Jueves I
del tiempo ordinario
Mc 1,40-45
“En aquel tiempo, vino
a Jesús un leproso suplicándole y, puesto de rodillas, le dice: ‘Si quieres,
puedes limpiarme’. Compadecido de él, extendió su mano, le tocó y le dijo: ‘Quiero;
queda limpio’. Y al instante, le desapareció la lepra y quedó limpio.

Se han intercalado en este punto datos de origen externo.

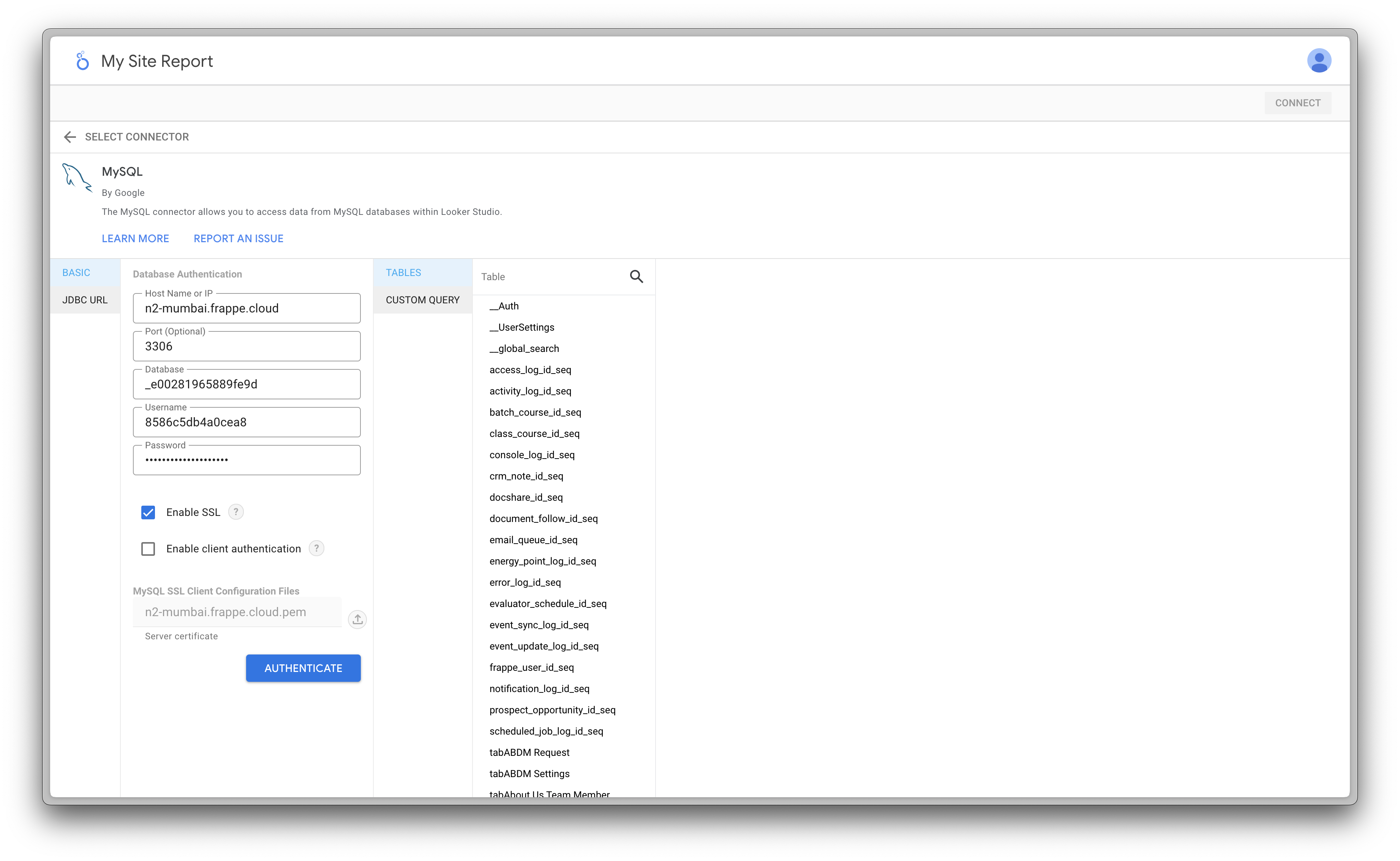 4. Fill up the database user's info and click on Authenticate.
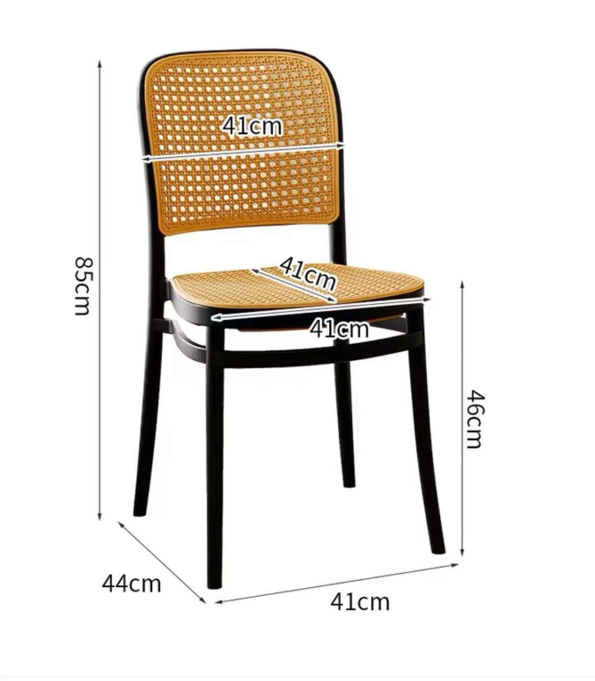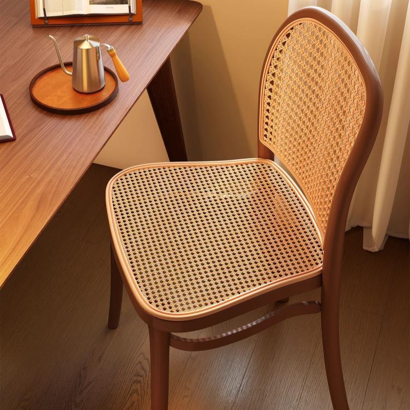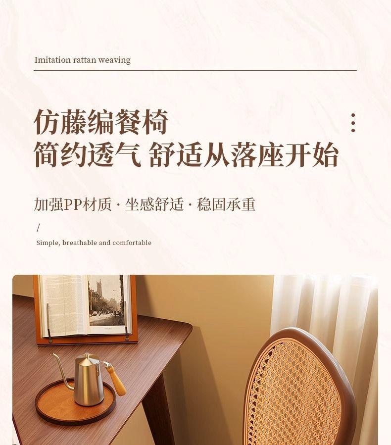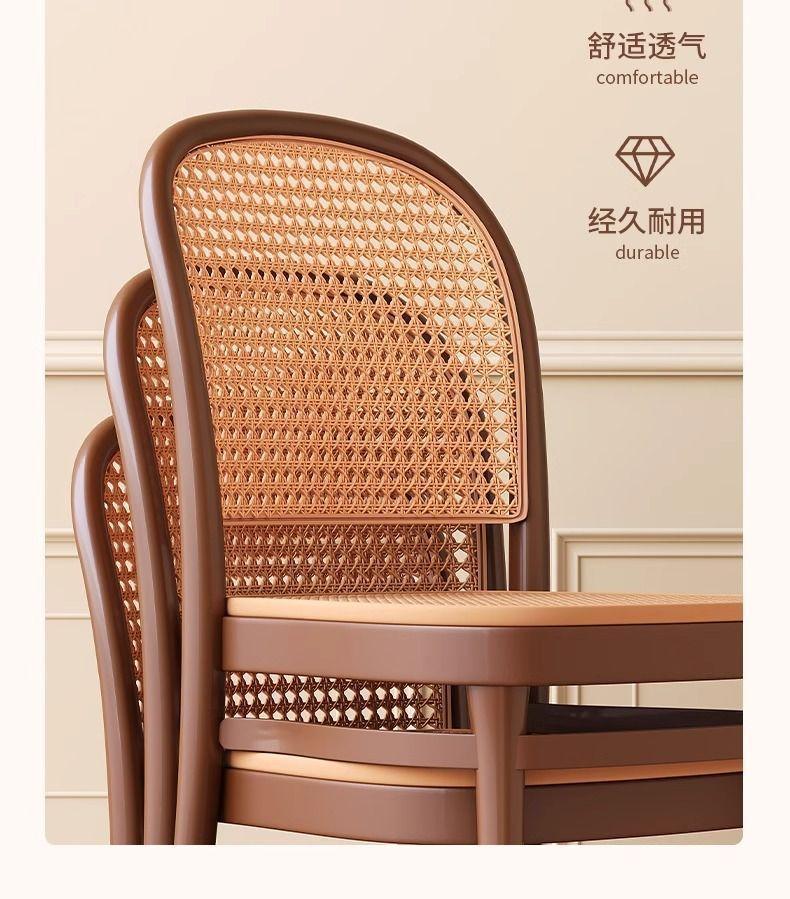 Silla de ratán de plástico de estilo nórdico con respaldo apilado, ideal para restaurantes, exteriores, hogares, internet, comedores y mesas de ocio.

Le
despidió al instante prohibiéndole severamente: ‘Mira, no digas nada a nadie,
sino vete, muéstrate al sacerdote y haz por tu purificación la ofrenda que
prescribió Moisés para que les sirva de testimonio’.
Pero él, así que se
fue, se puso a pregonar con entusiasmo y a divulgar la noticia, de modo que ya
no podía Jesús presentarse en público en ninguna ciudad, sino que se quedaba a
las afueras, en lugares solitarios. Y acudían a Él de todas partes.”
COMENTARIO
Aquel hombre, el leproso,
lo debía pasar muy mal. Padeciendo una enfermedad como la lepra, quedaba
apartado de la sociedad de tal manera que tan sólo podía esperar la muerte.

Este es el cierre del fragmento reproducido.